Agora, sob Francisco, não há mais uma narrativa geopolítica mestra onde o papel do catolicismo é pré-definido. As exceções se tornaram a regra. E não é apenas uma questão de diferentes perspectivas nacionais.

 

Entre os católicos do mesmo país, e mesmo entre os do Vaticano, há diferentes perspectivas sobre o alinhamento geopolítico do papado.

 

Graças à migração em massa, o catolicismo global está em toda parte: você não precisa voar para o sul do Mediterrâneo para vê-lo.

 

O papado global e sua relação em evolução com as potências mundiais

 

Muitos especialistas na história da Rússia e da Ucrânia veem a guerra de Putin na Ucrânia como uma guerra colonial.

 

A leitura geopolítica de Francisco da invasão russa da Ucrânia, vista mais como um subproduto da OTAN e menos do imperialismo russo, explica como “ser global” não é garantia de estar alerta ao colonial.

 

As diferenças nas perspectivas católicas sobre a guerra na Ucrânia nos fizeram perceber que em todo o mundo existem maneiras muito diferentes de olhar para os eventos globais – como o Holocausto, a Segunda Guerra Mundial, a Guerra Fria, a revolução cubana, os ataques de 11 de setembro de 2001 e as guerras no Oriente Médio.

 

As diferentes perspectivas ajudaram a moldar os desenvolvimentos teológicos e doutrinários modernos em uma série de questões.
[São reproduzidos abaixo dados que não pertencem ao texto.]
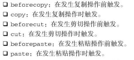 在 Safari、Chrome和 Firefox 中,beforecopy、beforecut 和 beforepaste 事件只会在显示针对文本框的上下文菜单(预期将发 生剪贴板事件)的情况下触发。但是,IE则会在触发 copy、cut 和 paste 事件之前先行触发这些事件。 至于 copy、cut 和 paste 事件,只要是在上下文菜单中选择了相应选项,或者使用了相应的键盘组合 键,所有浏览器都会触发它们

Isso também é verdade para o que está acontecendo na Ucrânia e para o que vier a seguir, por exemplo, entre a China e Taiwan.

 

A questão não é mais se o catolicismo e o papado se tornarão menos europeus e mais globais. Isso já está acontecendo e é irreversível.

 

A questão é como o papado global se relacionará com uma multiplicidade de potências mundiais e suas narrativas legitimadoras político-religiosas conflitantes.